Introduction

Microbial polysaccharides are of great biotechnological and commercial interest and have wide application in the food, cosmetics, and medicine industries due to their emulsifying, thickening, flocculating, stabilizing, anti-oxidizing, and antimicrobial properties (Zhou et al., 2016; Yildiz & Karatas, 2018; Adebayo-Tayo & Fashogbon, 2020; Rana & Upadhyay, 2020). Some studies have also reported the medical applications of microbial EPS (Exopolysaccharides or Extracellular Polymeric Substances) as an anticoagulant having properties very similar to those of synthetic heparin with the advantages of being natural molecules, working as an anti-cholesterol, reducing serum levels of LDL, and anti-tumor activity (Patel & Prajapati, 2013; Hu et al., 2020; Saadat, Khosroushahi, Movassaghpour, Talebi, & Gargari, 2020). Bioremediation is another area that implies the use of EPS where they act as biosurfactants by adsorbing hydrocarbons and facilitating their recovery from the contaminated environment. However, the ability of EPS to perform any of these activities depends on its structure and composition (Zhou et al., 2016).

EPS can be obtained from plants, animals, and algae. However, the microbial production of polysaccharides is much easier and advantageous because of the short life cycle of microbes that allows quick production under controlled environmental conditions (Silva et al., 2006; Özcan & Öner, 2015). Polysaccharides synthesized by microorganisms can be found in the cell cytoplasm, being used as an energy reserve, in the cell wall as one of the structural and morphological components, and can be secreted in the extracellular medium as well. The last ones are called exopolysaccharides or extracellular polymeric substances (EPS) (Kumar, Mody, & Jha, 2007).

Although EPS are not essential for survival, they are secondary metabolites that protect the microorganisms against phagocytosis, osmotic stress, and dehydration along with favoring the formation of biofilms, as well as being associated with virulence (Kumar et al., 2007; Gientka, Błażejak, Stasiak-Różańska, & Chlebowska-Śmigiel, 2015; Prasannath, 2013).

Among the EPS producing microorganisms, several genus of yeasts, such as Cryptococcus sp., Hansenula sp., Rhodotorula sp., Lipomyces sp., Bullera sp., Aureobasidium sp., and Sporobolomyces sp., have shown potential for large scale production of EPS with several functional properties (Pavlova, Koleva, Krachanova, & Panchev, 2004; Pavlova et al., 2011;Hamidi et al., 2020). Cryptococcuslaurentii is a non-pathogenic yeast species that has been described as an excellent producer of EPS. Studies have shown that the EPS produced by this particular species are of great commercial significance such as emulsifier and stabilizer in water/oil emulsions, absorption of heavy metals, and even in reducing serum cholesterol and triglyceride levels (Pavlova et al., 2011; Kuncheva et al.; 2013; Smirnou et al., 2014; Rusinova-Videva, Kambourova, Alipieva, Nachkova, & Simova, 2019).
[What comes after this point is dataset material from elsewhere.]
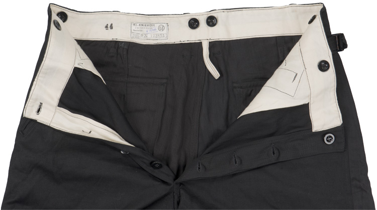 PHYSICAL DESCRIPTION: Tan colored cotton twill, long sleeved, three quarter length pull over shirt with a three button front with a lay down collar. A pleated patch pocket with a scalloped button down flap, is to each breast, as well as, fold back, pleated French cuffs. The buttons to the cuffs, pockets and front closure are all of light brown bakelite type. All of the insignia, Sleeve diamond, shoulder straps (sewn on), armband and edelweiss are all original but most probably collector restored to the shirt. The chest measures approximately 46". Few small stains. Comes with a textbook original pair of HJ shorts with their original HJ RZM tag. Shorts are a 30/32".
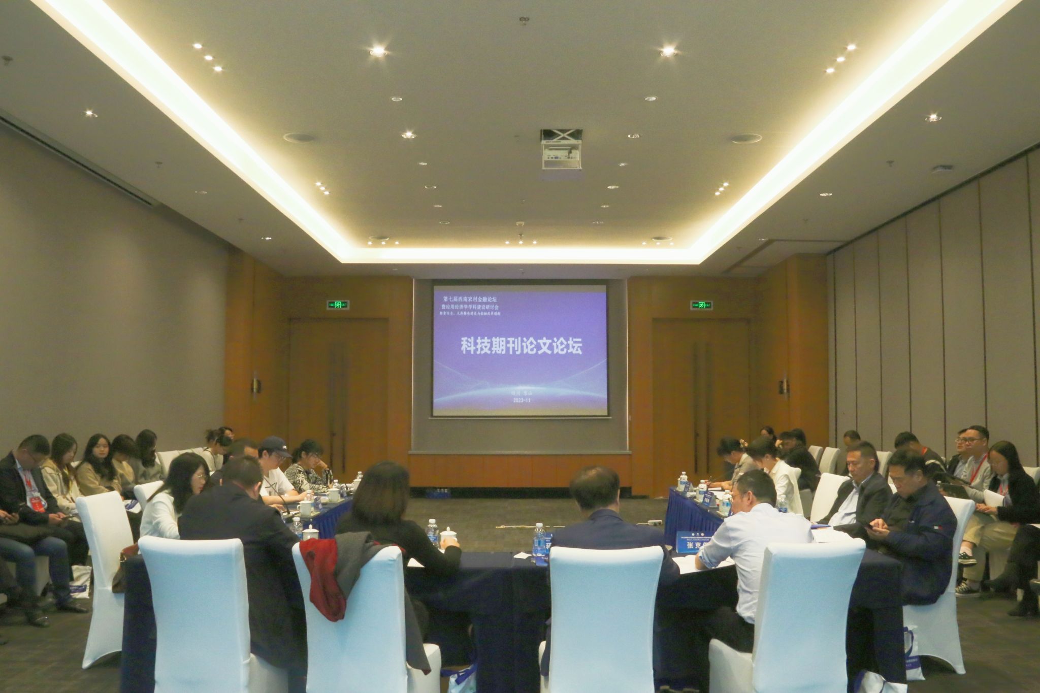 11月11日,以“粮食安全、天府粮仓建设与金融改革创新”为主题的第七届西南农村金融论坛暨应用经济学学科建设研讨会在乐山市高新翰文大酒店顺利举行。来自国内50余所高校、科研院所、金融机构、学术期刊和政府部门的近200名农村金融领域专家学者、业界代表参加本次论坛。论坛由我校与四川省农村信用社联合社、四川省金融学会乡村振兴金融专委会联合主办,我院与乐山农商银行、西部乡村振兴研究中心承办。

There are many studies that aimed at the microbial production of EPS on an industrial scale; however, the cost-benefit of these bioprocesses is still a problem. This is because some microorganisms do not produce EPS in satisfactory quantities and the carbon sources such as glucose and sucrose used traditionally are expensive (Gientka et al., 2015; Ruiz et al., 2015; Zhou et al., 2016; Sardari et al., 2017). As a result, the agro-industrial substrates have aroused more interest in the production of EPS, since they are low-cost sustainable substrates (Santos, Kotovicz, Barana, & Almeida, 2012; Ruiz et al., 2015; Santos et al., 2018).
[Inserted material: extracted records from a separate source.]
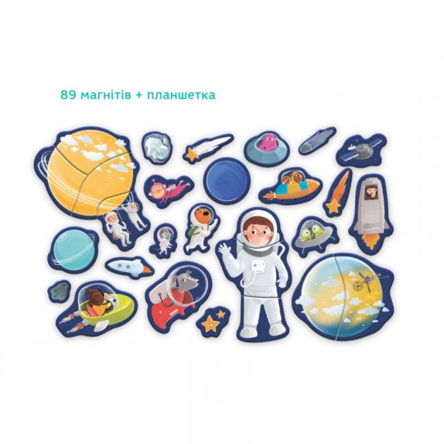 Sit the 89 magnetic pieces on the magnetic board and learn the name of the planets, their different sizes, etc. This magnetic game is ideal for expanding knowledge and language about the solar system and the world of astronauts.
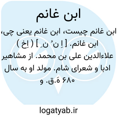 ابن غانم. [ اِ ن ُن ِ ] ( اِخ ) جمال الدین عبداﷲبن علی بن محمدبن غانم، پسر علاءالدین علی بن غانم. یکی از ادبا و شعرای شام.
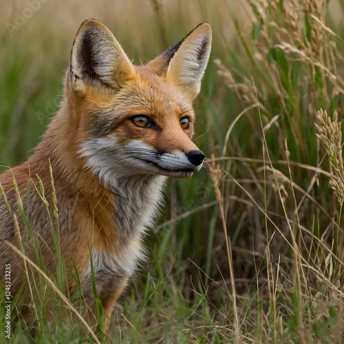 © Chamika, Fototapeta premium Predatory Grace: A Kit Fox Set to Leap from the Tall Grass

Brazil is the largest producer and exporter of sugar cane, contributing about 40% of the global production due to its favorable climate and large territorial extension. The main byproduct of the sugar industry is molasses that is obtained during the crystallization process of sugar. Some studies revealed that for every tonne of sugar produced, about 40 to 60 kg of molasses are generated as a byproduct (Oliveira Filho, Mattos, Pereira, & Baptista, 2019), thus being an abundant and renewable carbon source that can be used as a substrate for fermentation processes. Therefore, several studies have shown interest in using molasses in the fermentative processes for the production of biomolecules such as bioethanol, single cell oil, pigments, and microbial polysaccharides (Arshad, Abbas, & Iqbal, 2019; Bento, Carvalho, Reis, & Castro, 2020; Dias, Reis, Santos, & Silva., 2020; Wang, Kim, Lee, Kim, & Joe, 2020).

Many studies have earlier described that molasses have a high potential for the production of EPS, as it contains 30–60% of sucrose in its composition, in addition to glucose and fructose (Xu, Rao, Xu, & Liu, 2015;Soukoulis & Tzia, 2018; Palmonari, Cavallini, Sniffen, Fernandes, & Mammi, 2020). Additionally, it also contains vitamins, minerals, proteins, and amino acids that can perfectly replace the use of the conventional cost-intensive sources (Rebelato, Madaleno, & Rodrigues, 2013; Saxena & Tanner, 2013; Soukoulis & Tzia, 2018).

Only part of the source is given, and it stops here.